- **EXERCISE GOAL**:
From the first line of the data below through the line holding "The TP-Link Vigi", output each line exactly and leave the pictures out.

- **MATERIAL PROVIDED**:

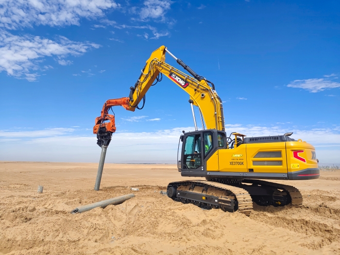 与以往常规项目不同,此次安博首页_安博anbo(中国)挖掘机主要担任光伏桩的铺设工作,通过改装振动锤和引孔机等多功能属具,有效满足现场多元化施工需求。
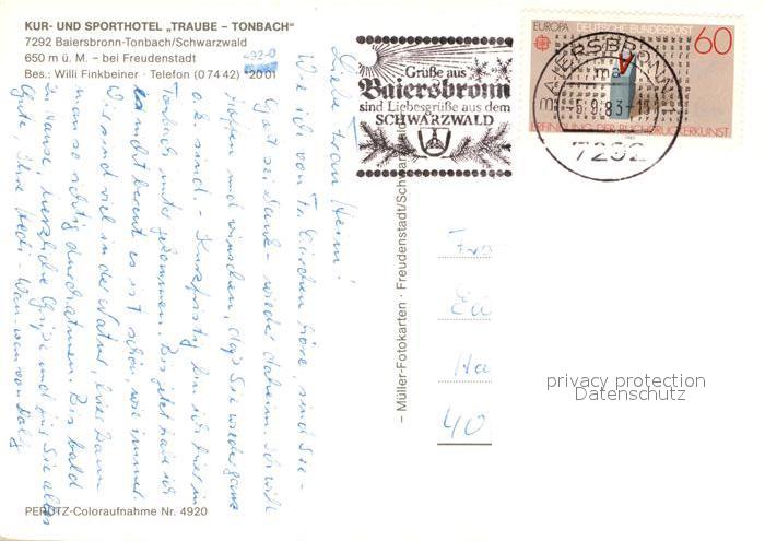 73109199 alte Postkarte Tonbach Kur Sporthotel Traube Tonbach postalisch gelaufen Erhaltung siehe scans [KathaD81] KatCode: 11110008237004
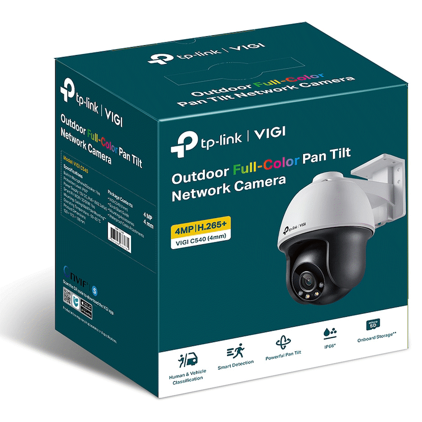 The TP-Link Vigi C540 camera provides dependable outdoor corporate security. It offers 4MP full-colour imaging day and night, alongside Pan Tilt with auto-tracking for wide area monitoring. This camera helps protect your property effectively.
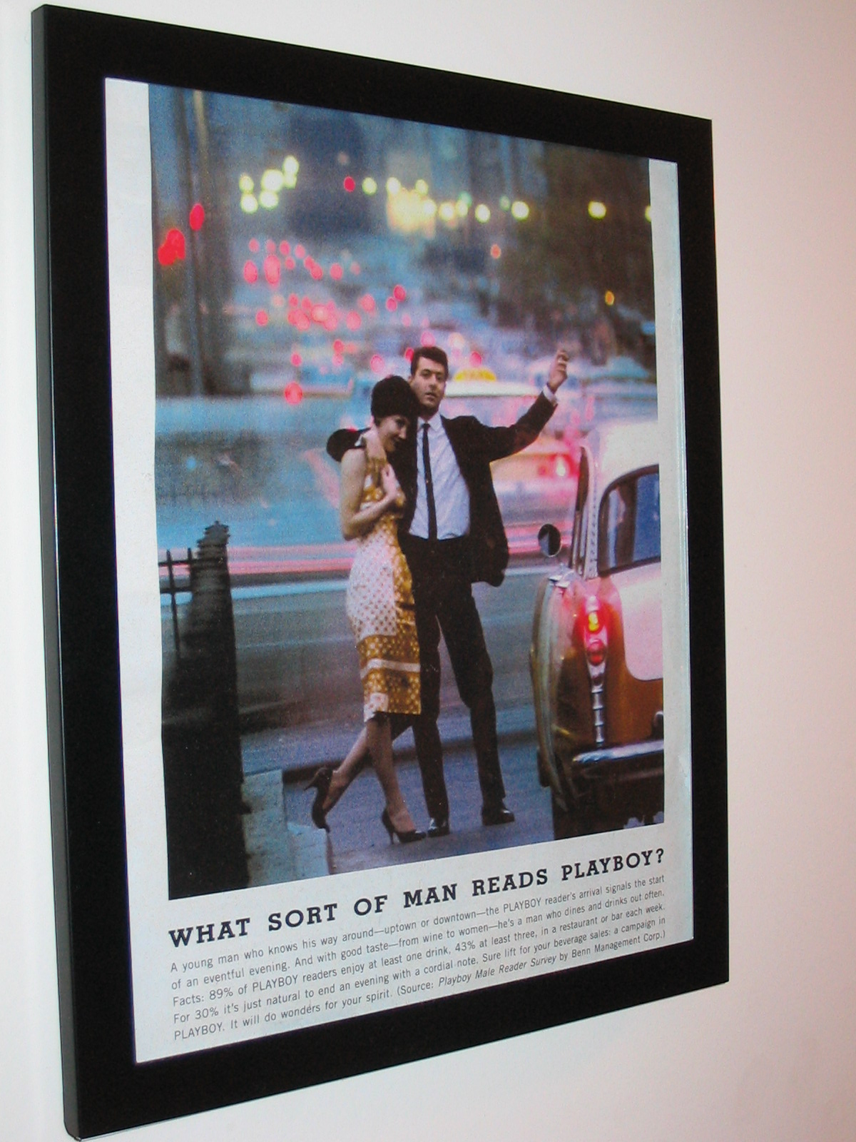 Thanks for republishing that “What Kind Of Man Reads Playboy?” ad. It looks very nice framed on my wall. I’ve gone to bat for the cultural value of Playboy many times. The picture of this swinging cat and lady in tow sums it up: It’s for the distinguished gentleman.

- **RESPONSE**:
 与以往常规项目不同,此次安博首页_安博anbo(中国)挖掘机主要担任光伏桩的铺设工作,通过改装振动锤和引孔机等多功能属具,有效满足现场多元化施工需求。
 73109199 alte Postkarte Tonbach Kur Sporthotel Traube Tonbach postalisch gelaufen Erhaltung siehe scans [KathaD81] KatCode: 11110008237004
 The TP-Link Vigi C540 camera provides dependable outdoor corporate security. It offers 4MP full-colour imaging day and night, alongside Pan Tilt with auto-tracking for wide area monitoring. This camera helps protect your property effectively.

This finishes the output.